Closed Helco closed 3 weeks ago
Of course not depicted in the performance benchmarks is the code quality: IntersectionsStruct has a horrible API that bleeds into all consumers
Also the allocation-lessing is obviously not complete, the split stacks are still allocated per query and should either be fixed-size for a ridiculous tree size or pooled for amortization. For the next benchmark I will try to preserve the actual status quo as baseline, while this amortization will also be applied to a new generator-based method.
Still a bit curious why IntersectionsList
is both slower (with supposedly less branching) and allocates per intersection. The struct enumerator have an allocation, but that might be by the benchmark and not by the intersection query.
(Also baseline is not correct as I forgot to revert the amortization on the atomic layer)
With Baseline corrected and the power of just removing coarse intersection tests entirely (let's just not care about out-of-bounds right?) we have no allocations for all three variants we would expect to have no allocations (minus amortization).

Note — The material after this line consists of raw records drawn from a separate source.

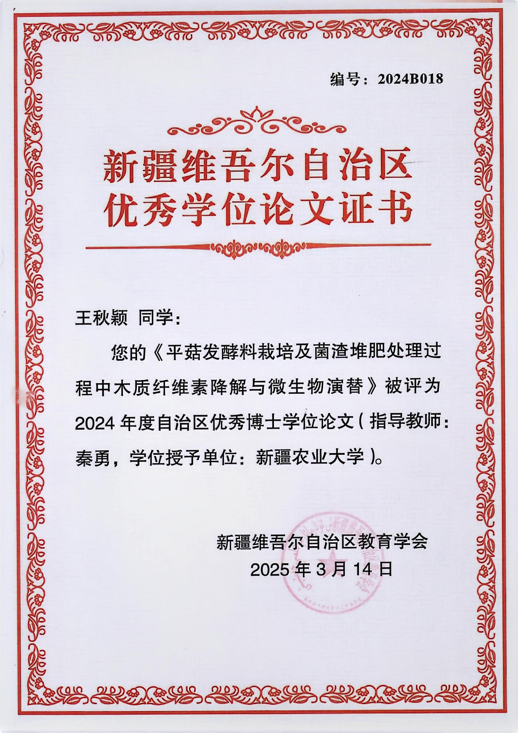 近日,新疆维吾尔自治区教育厅公布2024年优秀学位论文评选结果,乐天使fun乐天使2024届联合培养博士王秋颖的学位论文《平菇发酵料栽培及菌渣堆肥过程中木质纤维素降解与微生物群落演替》成功入选。该论文由乐天使fun张国庆教授与新疆农业大学秦勇教授联合指导完成。
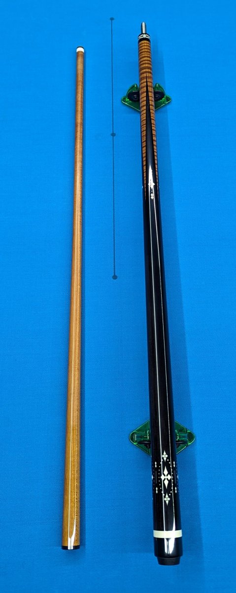 Beautiful Shelby Williams cue. Roasted curly maple (kielwood) into ebony splice loaded with silver dots, silver lines, holly and slotted cross inlays. Custom ring at joint and setup so if you use a different shaft it still looks great with the ring location. Bottom has solid white ring with Shelby signature. Cue rolls straight together and apart and plays fantastic. It does have one noticeable ding that must have rolled on the hard surface as it wraps around the butt near one of the top of the points but is not through the clear. If I don't get any serious offers I plan to have that repaired and then listed for a slightly higher amount.
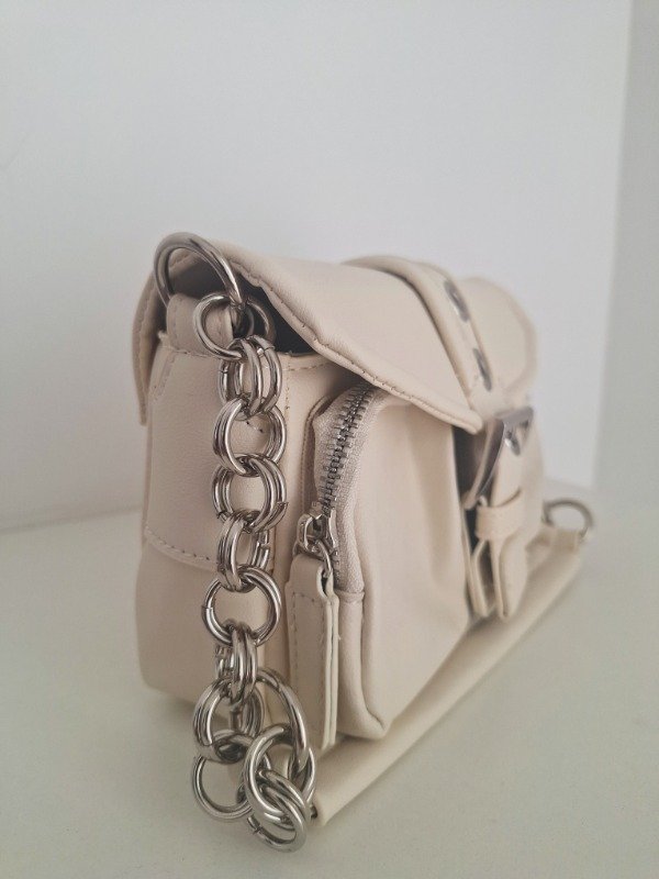 Confeccionada en ecocuero, bolsillos externos con cierre, interior forrado con bolsillo interno.
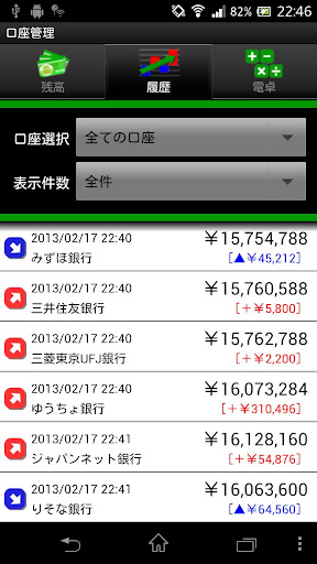 登録した口座をロングタップし「残高履歴」を選択すると履歴タブに移動し、選択した口座の残高履歴が閲覧できます。また、履歴タブでは履歴を表示する口座や表示件数を選択可能です。

Now we fix the baseline as separate assembly, because I want to tackle some more shared code within zzre.core
Starting with plastering most of the math functions with AggressiveInlining | AggressiveOptimize
after observing that the JITted assembly is abysmal for hot-loop methods.
Then we can see that Triangle.ClosestPoint(Vector3)

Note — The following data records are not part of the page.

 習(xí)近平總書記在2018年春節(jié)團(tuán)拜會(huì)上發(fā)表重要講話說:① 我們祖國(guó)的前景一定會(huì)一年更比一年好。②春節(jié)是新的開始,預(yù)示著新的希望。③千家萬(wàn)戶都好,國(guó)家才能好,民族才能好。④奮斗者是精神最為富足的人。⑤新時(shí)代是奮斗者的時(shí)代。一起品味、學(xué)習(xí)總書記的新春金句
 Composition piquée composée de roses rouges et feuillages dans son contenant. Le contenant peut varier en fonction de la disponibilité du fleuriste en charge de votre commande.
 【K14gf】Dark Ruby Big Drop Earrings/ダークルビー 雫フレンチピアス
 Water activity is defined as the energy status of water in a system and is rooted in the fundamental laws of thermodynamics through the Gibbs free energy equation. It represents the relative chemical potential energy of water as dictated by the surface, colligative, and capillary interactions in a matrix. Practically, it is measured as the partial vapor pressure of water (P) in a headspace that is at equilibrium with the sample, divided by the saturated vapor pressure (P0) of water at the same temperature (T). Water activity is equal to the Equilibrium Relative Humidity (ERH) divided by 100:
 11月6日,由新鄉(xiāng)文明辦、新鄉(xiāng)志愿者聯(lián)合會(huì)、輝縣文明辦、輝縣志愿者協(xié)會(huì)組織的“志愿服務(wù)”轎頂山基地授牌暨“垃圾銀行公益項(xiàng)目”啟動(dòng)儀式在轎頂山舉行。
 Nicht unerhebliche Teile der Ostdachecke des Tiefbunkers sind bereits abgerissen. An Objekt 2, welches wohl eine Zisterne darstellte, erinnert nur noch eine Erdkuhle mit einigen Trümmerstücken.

responsible for all end-stage math in most intersection queries (which are using Sphere
as primitive) uses a non-optimal implementation and replace that entirely. The new implementation apparently has some other behavior (probably in extreme or special cases) but gameplay seems to still work and
Now we merge the two levels of kd-trees into a single structure, which brings just a bit of performance (getting us to exactly 3x faster) but should also simplify some API stuff, so maybe looking into the struct enumerator might be worthwhile again.
Also I should probably clean up a bit, both the math optimization as well as the KD optimization have proven themselves and we do not longer need them run them every time. Meaning: every test except baseline ones will get KD, just the suffix is not kept
All benchmarks should have KD optimization. also I checked the differences which seem to be just between Baseline and Current due to the triangle-sphere intersection. These differences seem to point to erroneous behaviour of the old one. So I will let that slide.
While writing the MergedCollider
I asked myself whether the memory layout of the full split array would affect performance.
The answer: Not really, any difference here is pretty near the threshold of error... So let's go with the simplest one.
Finally the SIMD (two-split) benchmarks are in with three-split being scribbled up.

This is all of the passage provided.